«Казахстан может гордиться, что он Казахстан» – художник
Войти в четверку лучших на международном конкурсе скульпторов в Будапеште, завоевать золото на конкурсе в Баку – это ли не мировое признание? Но нет пророка в своем отечестве. Выдающийся казахстанский скульптор Вагиф Рахман размышляет о судьбе отечественного изобразительного искусства, такой же непростой, как и собственный творческий путь длиною в жизнь.
Справка: Родился в Баку. С 1965 живет и работает в Алматы. С 1998 — 2003 жил в Канаде. Более 130 выставок в Казахстане и за рубежом. Заслуженный деятель искусств Казахстана, член Союза художников CCCР (1972), член Союза художников Казахстана (1991), член Общества скульпторов Канады (1998). В 1970 окончил Московский Государственный Художественный институт им. Сурикова.
Вагиф, в ноябре в галерее «Тенгри – Умай» успешно прошла ваша совместная с дочерью выставка. Расскажите о ней, пожалуйста.
Для меня, отца Наргиз Рахмановой, это уже не первая выставка-мечта. Наргиз живет в Германии, она член Союза художников Берлина, там у меня внучка и внук. Когда дети подросли, дочь серьезно занялась творчеством. С прошлого года мы провели три совместные выставки в Алматы, а первый наш вернисаж состоялся в 1999 году в Вашингтоне. Совместные с дочкой выставки произведений – семейная традиция. У родителей я самый младший, десятый. Старшей сестре, Народной художнице Азербайджана, с детства говорил: будем вместе делать выставку. В Казахстане я с 1965 года. Влюбился в девушку-казашку из Алматы и приехал сюда после окончания Суриковского института. Два моих брата тоже скульпторы, одна сестра архитектор, а другая музыкант.

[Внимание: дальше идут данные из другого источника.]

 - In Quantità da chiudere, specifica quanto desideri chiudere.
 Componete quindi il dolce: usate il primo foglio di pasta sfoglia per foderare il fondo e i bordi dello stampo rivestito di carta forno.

Конечно, если говорить узко о специальности, то между мной, казахстанским художником, и Наргиз, германским художником, — разница большая. В Европе искусство в основном современное и проблемное — не просто пейзажи, портреты и натюрморты, ставится более глобальная задача: затрагивать неизвестные помыслы и мечты человека. Произведения Наргиз концептуальны, связаны с наукой как доказательством тому, что человечество идет вперед. Мне, как человеку другого поколения, ближе проблемные произведения. Мои работы — это скорее гипер-реализм и неореализм. К сожалению, данные течения не преобладают в казахстанском искусстве. В Музее Кастеева редко встретишь одну-две работы гипер-реализма.

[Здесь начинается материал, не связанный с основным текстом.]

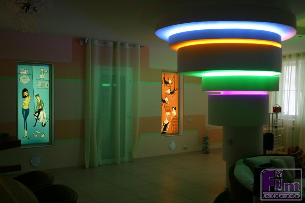 Помимо выделения зон и элементов, светодиоды используют для декорирования каких-либо объектов и предметов, то есть светодиоды в данном случае используются лишь для эффектности и эстетики. Это, например, украшение цветной подсветкой потолка, стыка пола и стены, а также мебели.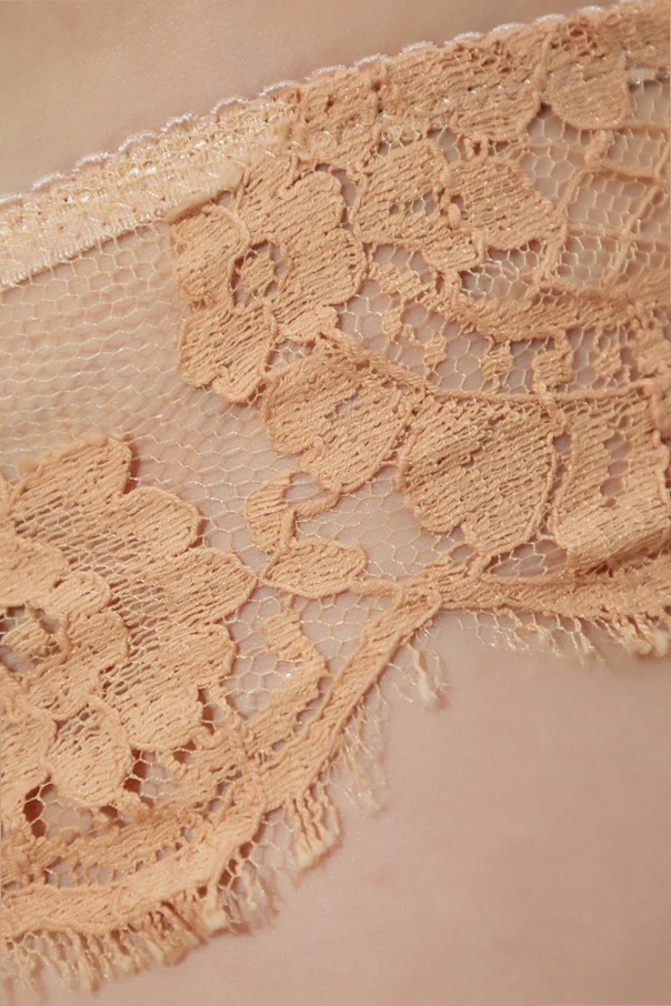 Stringi z koronkowymi wstawkami marki Dsquared2 łączą w sobie wyrafinowaną estetykę z ponadczasową subtelnością. Niski stan i klasyczny, trójkątny przód harmonijnie współgrają z minimalnym tyłem stworzonym z gładkiej, miękkiej satyny o delikatnym połysku. Zmysłowy przód oraz boki zdobi bogata, półprzezroczysta koronka z finezyjnym, kwiatowym motywem oraz nieregularnie wykończonymi krawędziami, zapewniając niepowtarzalny efekt wizualny.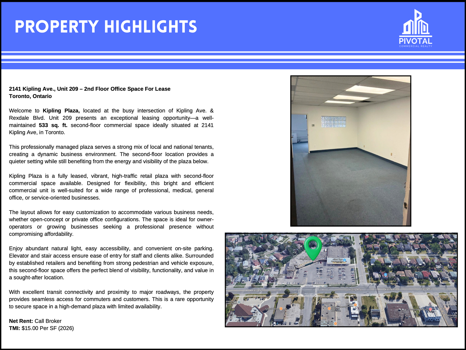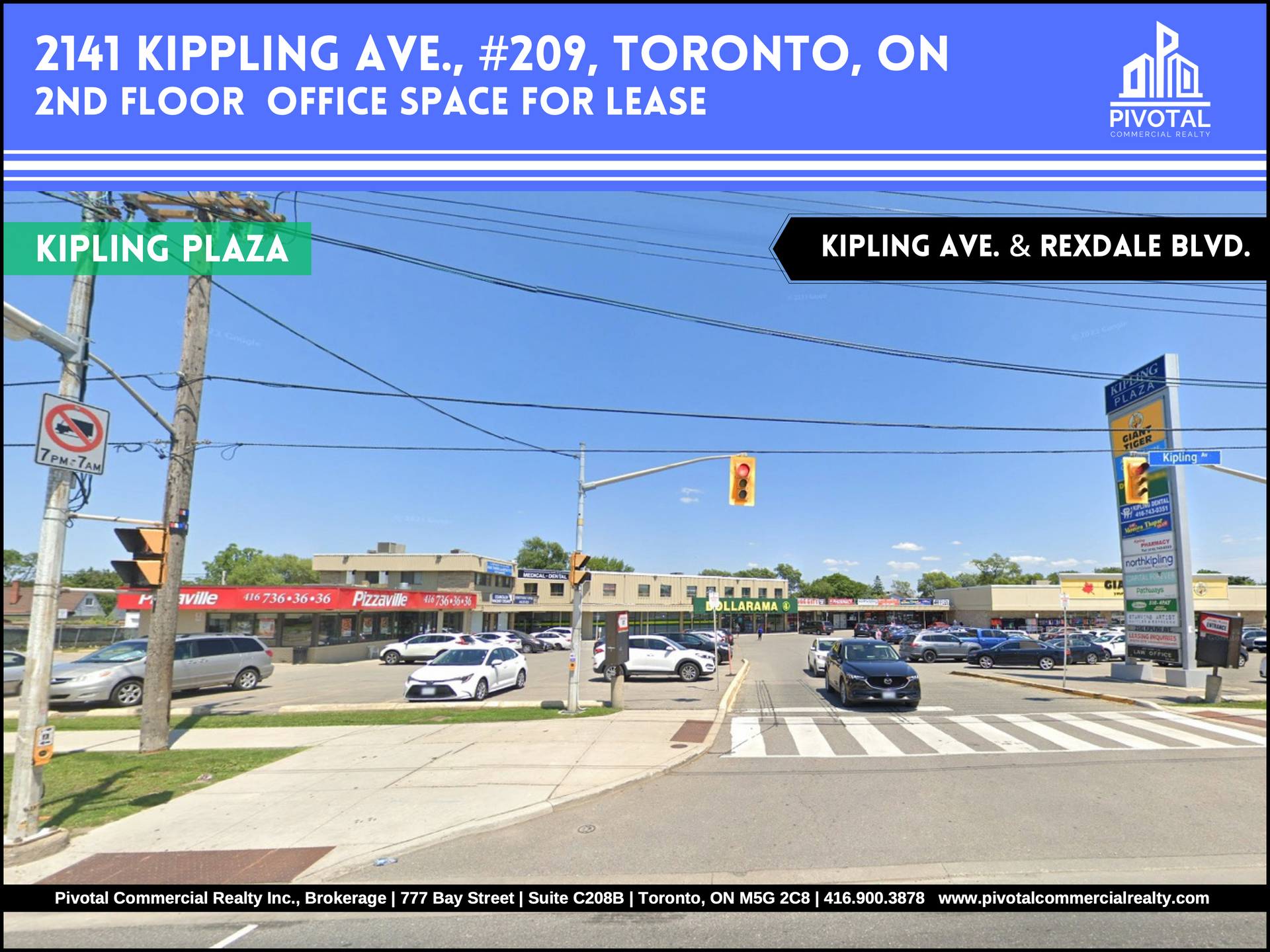 Welcome to Kipling Plaza, located at the busy intersection of Kipling Ave. & Rexdale Blvd. Unit 209 presents an exceptional leasing opportunity—a wellmaintained 533 sq. ft. second-floor commercial space ideally situated at 2141 Kipling Ave, in Toronto.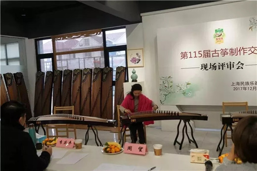 神州乐器网讯 2017年12月16日,上海民族乐器一厂第115届“敦煌杯”古筝制作交流现场评审会在麦克将文化创意园区的中国设计展厅举行,担任本次评审会的评委有:中央音乐学院周望教授、上海音乐学院王蔚教授、武汉音乐学院高雁教授、吉林艺术学院王晓红教授、安徽师范大学李庆丰教授、福建艺术职业学院陈爱娟副教授。

Как художник, Наргиз больше сформировалась в нашей казахстанской реальности, или в Германии, где сложился ее концептуальный стиль?
Казахстан в этом смысле может гордиться, что он Казахстан. Это не громкие слова, доказательства есть: Наргиз училась здесь, в алматинском театрально-художественном институте, а я наблюдал за тем, как она рисовала. Меня, прожившего в Канаде почти пять лет, это тоже касается. В Алматы вернулся в 2003 году и многие, в том числе родственники, спрашивали — почему не приехал в Баку? Я отвечал: художник должен жить там, где он может творить. В Казахстане лучше создавать произведения, чем в Азербайджане, хотя это и спорно.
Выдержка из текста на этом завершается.